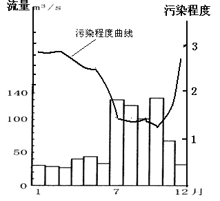 1、综合题  ?人类的不恰当活动,常造成严重的水质污染,从而破坏了水体环境。下图是黄河中游某支流一水文站流量和污染程度的实测结果,据此回答下列问题。
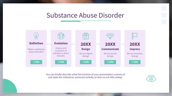 You can briefly describe what the timeline of your presentation consists of and state the milestones achieved verbally so that no one falls asleep.
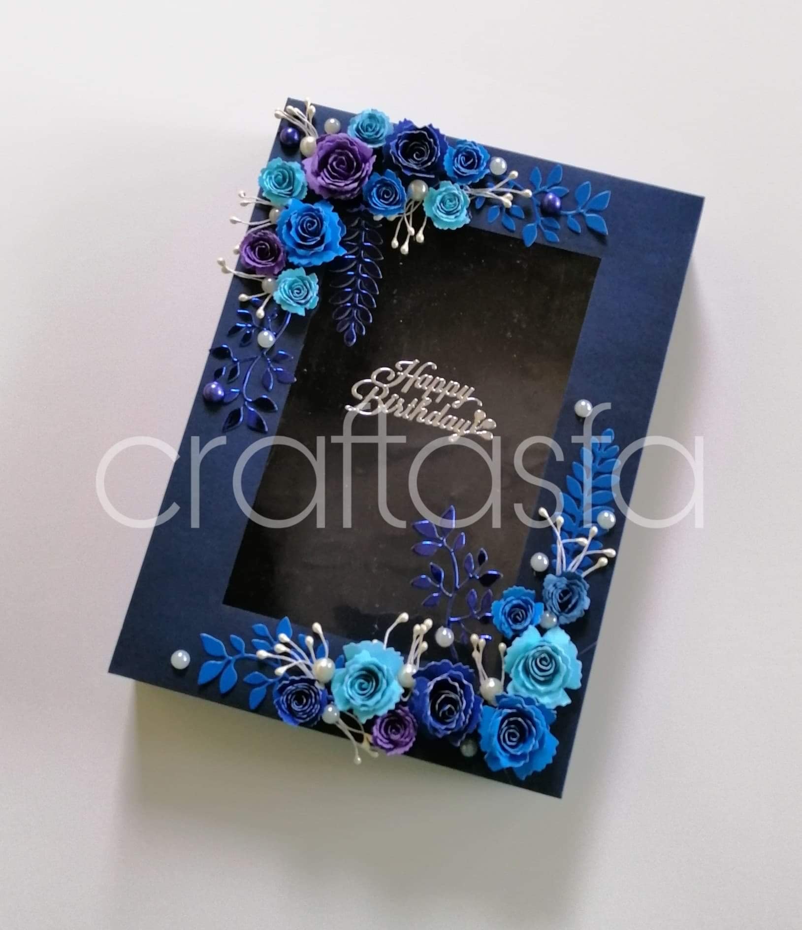 Make birthdays truly unforgettable with this exquisite handmade keepsake box, beautifully crafted in deep navy and adorned with a vibrant array of blue and purple paper roses. The elegant window lid showcases a delicate "Happy Birthday" greeting in silver, surrounded by intricate floral embellishments, pearl accents, and metallic foliage for a sophisticated, one-of-a-kind presentation.
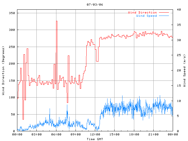- Max Wind Speed: 11.8 ms-1 Time: 22:00:18 GMT
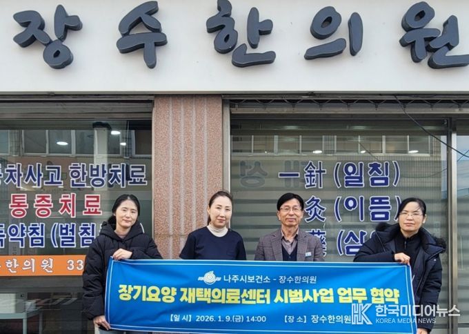 [ 한국미디어뉴스 이종철 기자 ] 전라남도 나주시는 지난 9일 남평읍에 있는 장수한의원(원장 박소영)과 ‘장기요양 재택의료센터 시범사업’ 추진을 위한 업무협약을 체결했다고 밝혔다.
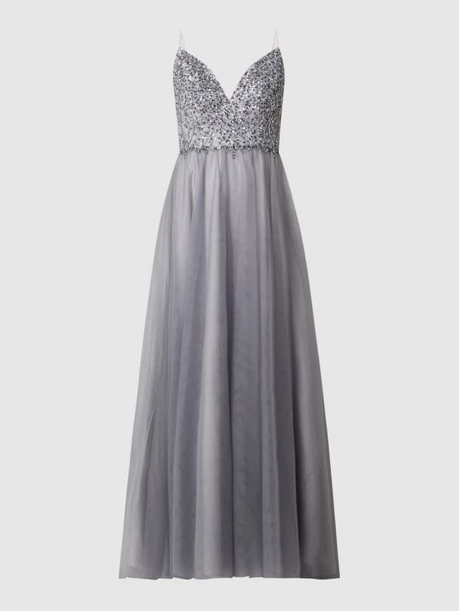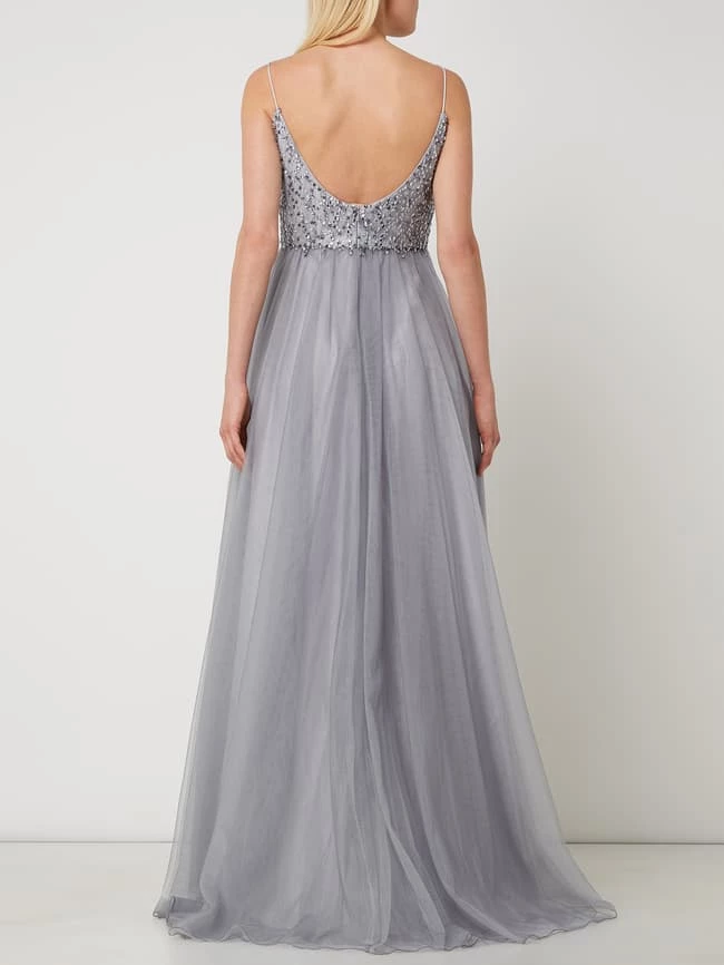 Das Abendkleid von unique ist aus Tüll gefertigt und tailliert geschnitten. Es zeigt sich mit Spaghettiträgern, Pailletten und hohem Seitenschlitz.
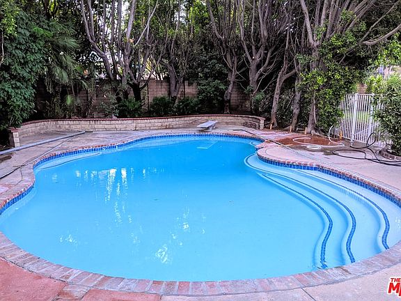 Located at the end of a quiet cul-de-sac, this bright and airy single-story 3,010 SF home sits on a sprawling 17,426 SF lot with a lush, park-like backyard and resort-style pool and jacuzzi. Ornate double wood doors and intricate hardwood floors welcome you inside where you are greeted by magnificent 20-foot-tall cathedral ceilings. The open-floor-plan living room, dining room, and conversation area are highlighted by a massive double-sided fireplace. The kitchen and family room share a wood-paneled wetbar. The master suite features a walk-in closet and en-suite bath with double sinks, soaking tub, shower, and access to the backyard. Other amenities include a 3 car garage, multiple storage sheds, dual AC units for the North and South wings of the house, alarm system, and a house-wide backup lighting system. The bedroom and bathroom off the kitchen have a separate entrance, perfect for maid's quarters or Airbnbs. Walking distance to Northridge mall, award-winning schools.
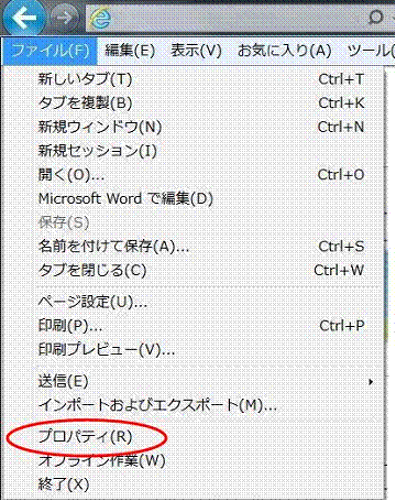 K購買WEBEDI画面にて、メニューバーの「ファイル」−「プロパティ」を開きます。
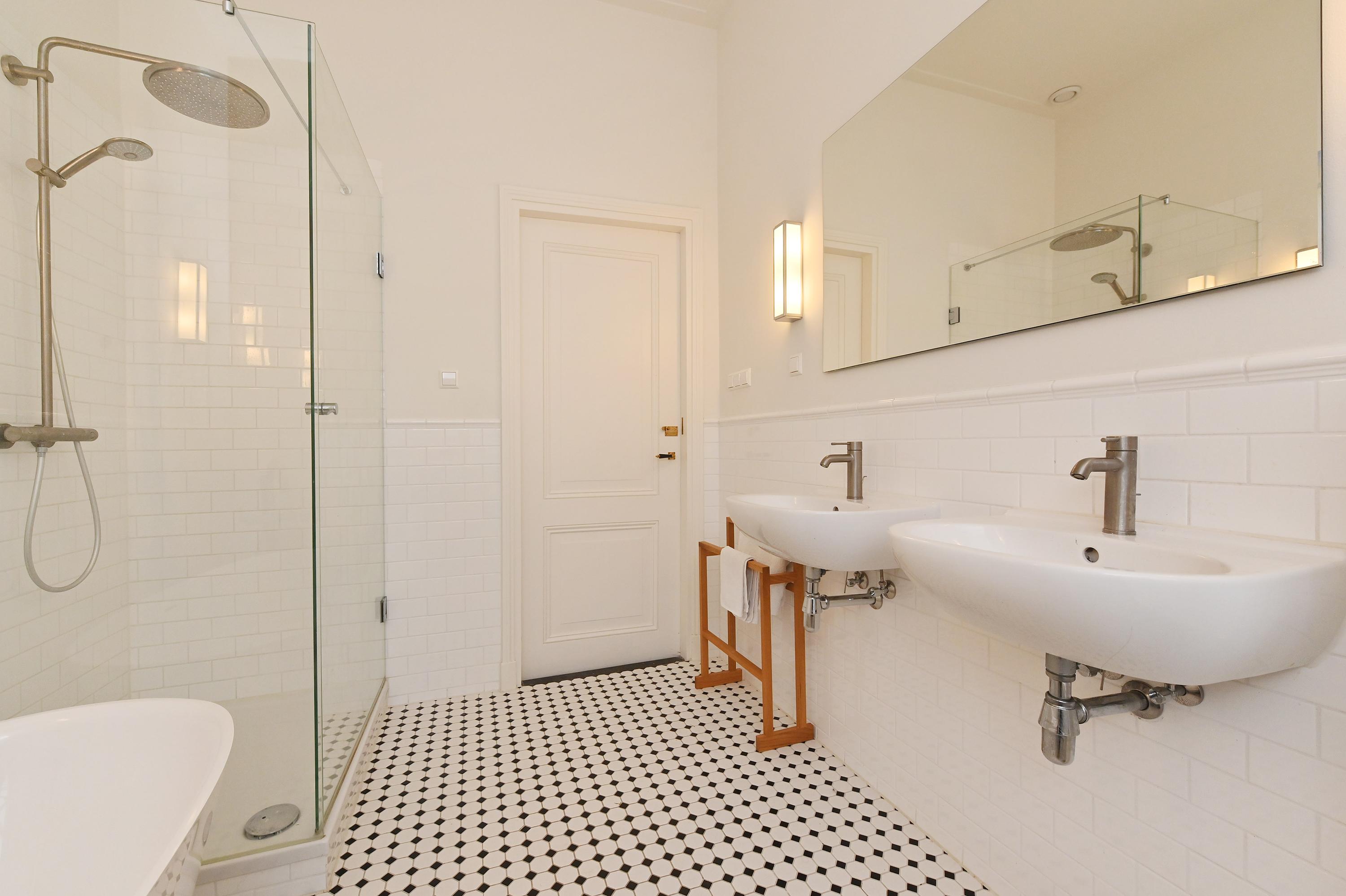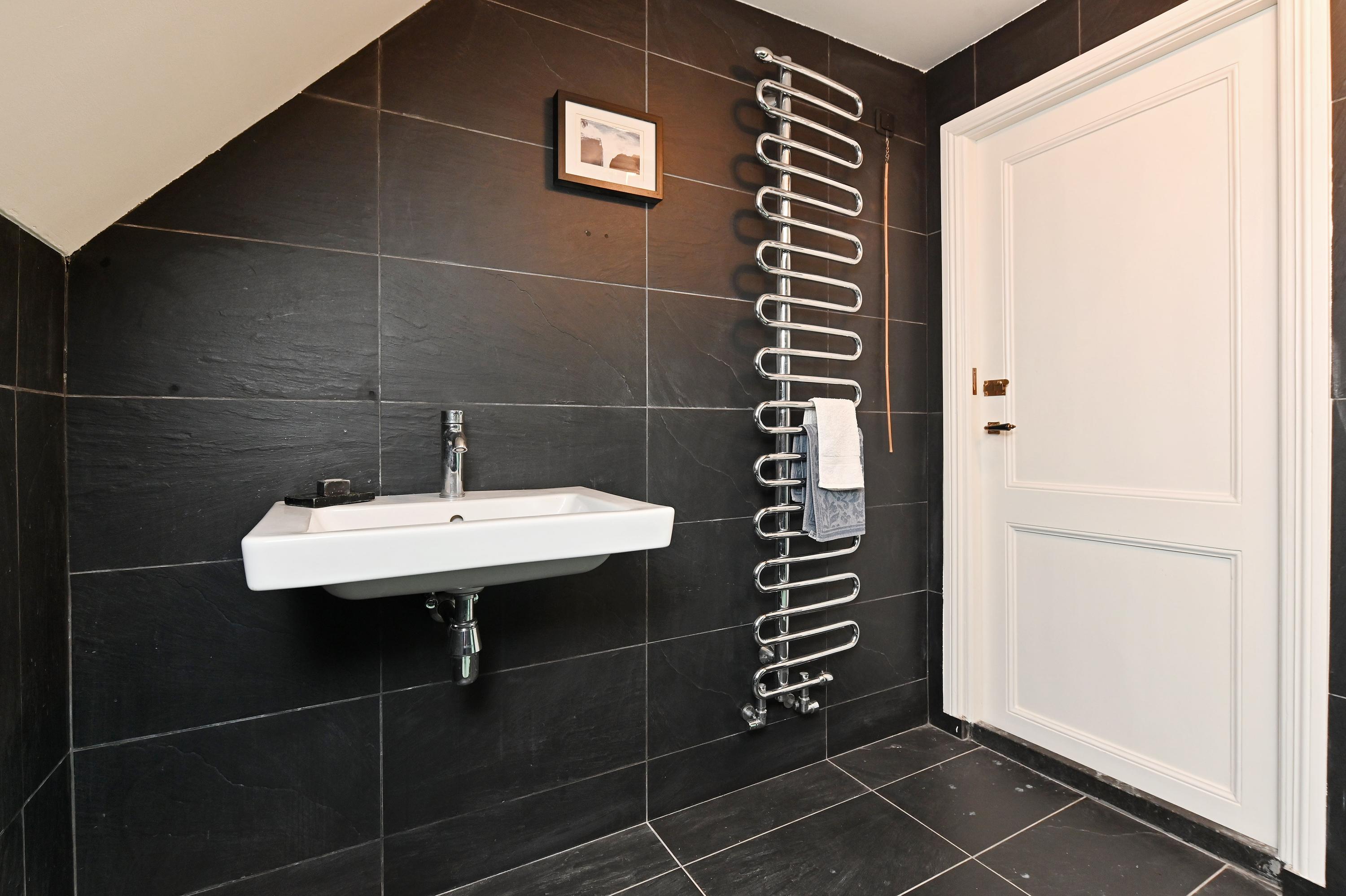 Stairs to the second full floor with two bedrooms at the rear and a large open attic with a ceiling height of over 3 meters and a ridge height of approximately 6 meters. There are four double glazed roof lights in this space. This attic room, with a view of the robust trusses, could easily be divided into a bedroom and a laundry room, for example. Here you will also find the connections for the washing machine and dryer, as well as the central heating boiler and water heater. A modern toilet serves the two bedrooms. As well as a modern bathroom with a spacious walk-in shower, designer radiator, designer toilet cabinet, and modern velux skylight.
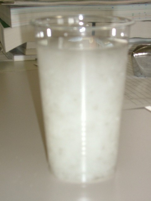 かき混ぜること一分間、その結果はこんな感じです。
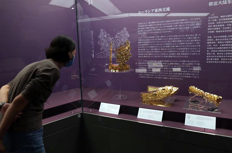 9月23日,清华大学艺术博物馆,嘉宾观看日本古坟时代末期(公元6世纪)的鎏金铜履和鎏金铜制筒形器(复制品)。本次特展共展出奈良县立橿原考古研究所等机构的100余件套与中国相关的文物,以及国内文博机构所藏的数十件与日本相关的文物。展览分为“倭人的姿态”“倭国与中国”“日本国的成立”“祈祷的样态”“大和的地宝”“中国视角的日本”六个单元,包含了诸多首次出境日本的珍贵文物。
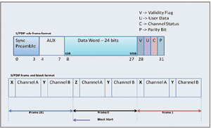 S/PDIF幀格式——首先驅動數據的最低有效位。每個幀有兩個子幀,分別是32個時隙,共64個時隙(見圖2)。子幀以一個前導碼開始,後麵跟隨24位數據,最後以攜帶用戶數據和通道狀態等信息的4位結束。子幀的前4個時隙稱為前導碼,用於指示子幀和塊的開始。前導碼有三個,每一前導碼均包含一個或兩個持續時間為3UI的脈衝,從而打破雙相編碼規則。這意味著,該模式不可能存在於數據流中的其他地方。每個子幀都以4位前導碼開始。塊的開始用前導碼“Z”和子幀通道的開始“A”表示。前導碼“X”表示通道“A”子幀的開始(不同於塊的開始),前導碼“Y”表示通道“B”子幀的開始。
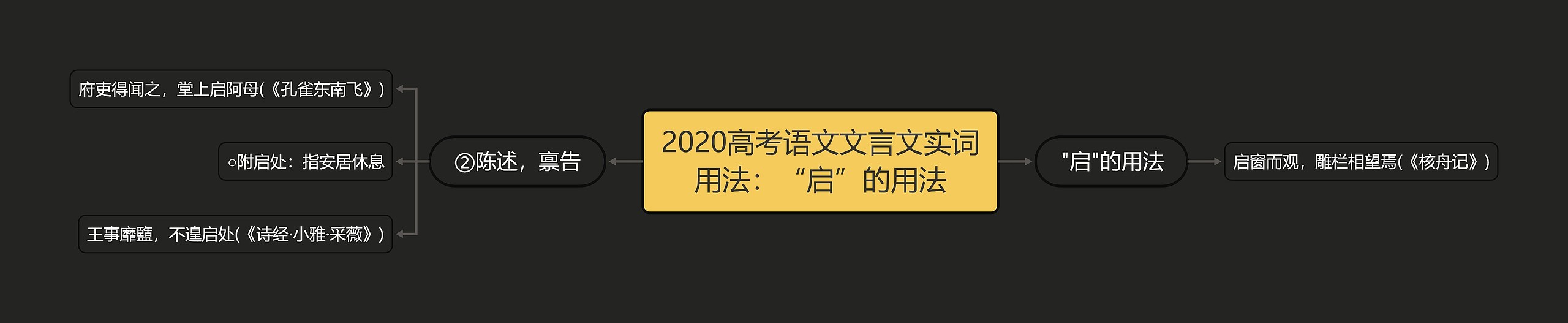 树图思维导图提供《2020高考语文文言文实词用法:“启”的用法》在线思维导图免费制作,点击“编辑”按钮,可对《2020高考语文文言文实词用法:“启”的用法》进行在线思维导图编辑,本思维导图属于思维导图模板主题,文件编号是:f957d445d7b6fbb966aff955e357a71e
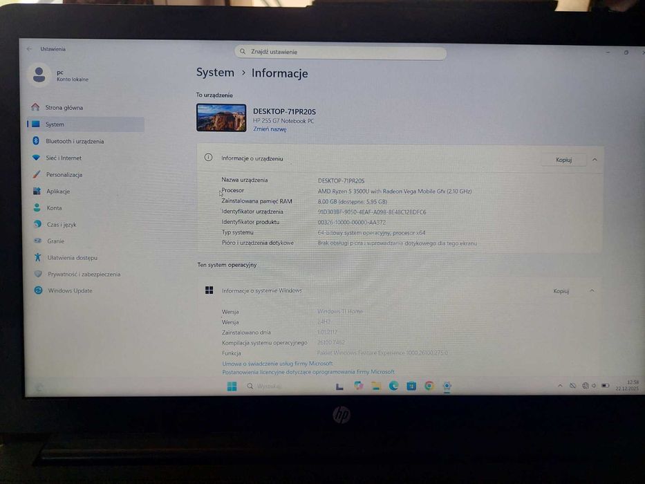 Hp 255 g7 ryzen 5/ 1tb ssd m2/8gb ram/Windows 11/Gwarancja
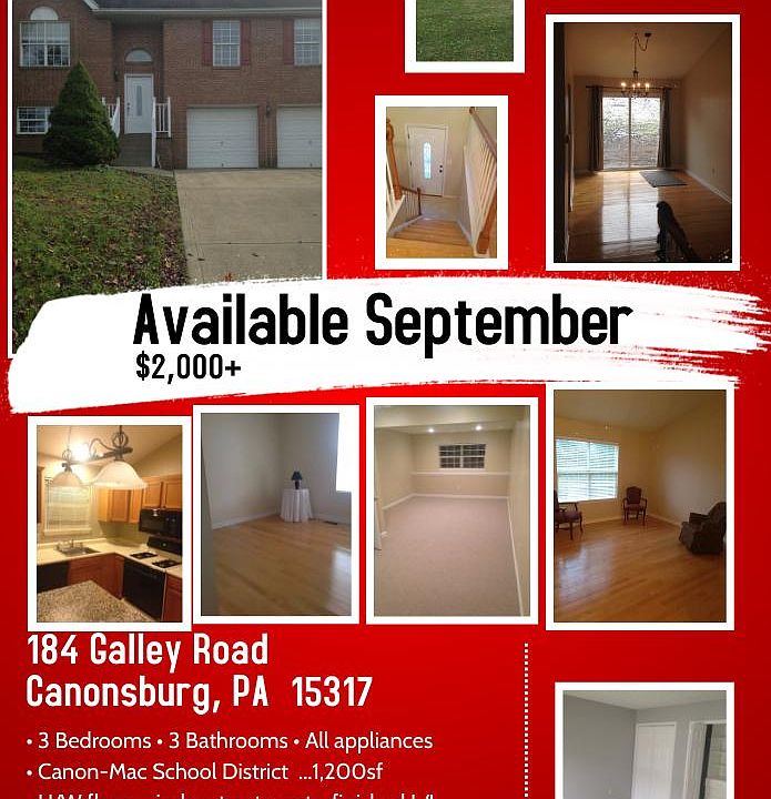 This 1206 square foot single family home has 3 bedrooms and 3.0 bathrooms. This home is located at 184 Galley Rd, Canonsburg, PA 15317.

= = = = = = =

Work to complete:
Reproduce verbatim the lines of the material above, beginning with its first line and ending with the line that contains "- Max Wind Speed: 11.8"; skip pictures.

Expected answer:
 1、综合题  ?人类的不恰当活动,常造成严重的水质污染,从而破坏了水体环境。下图是黄河中游某支流一水文站流量和污染程度的实测结果,据此回答下列问题。
 You can briefly describe what the timeline of your presentation consists of and state the milestones achieved verbally so that no one falls asleep.
 Make birthdays truly unforgettable with this exquisite handmade keepsake box, beautifully crafted in deep navy and adorned with a vibrant array of blue and purple paper roses. The elegant window lid showcases a delicate "Happy Birthday" greeting in silver, surrounded by intricate floral embellishments, pearl accents, and metallic foliage for a sophisticated, one-of-a-kind presentation.
- Max Wind Speed: 11.8 ms-1 Time: 22:00:18 GMT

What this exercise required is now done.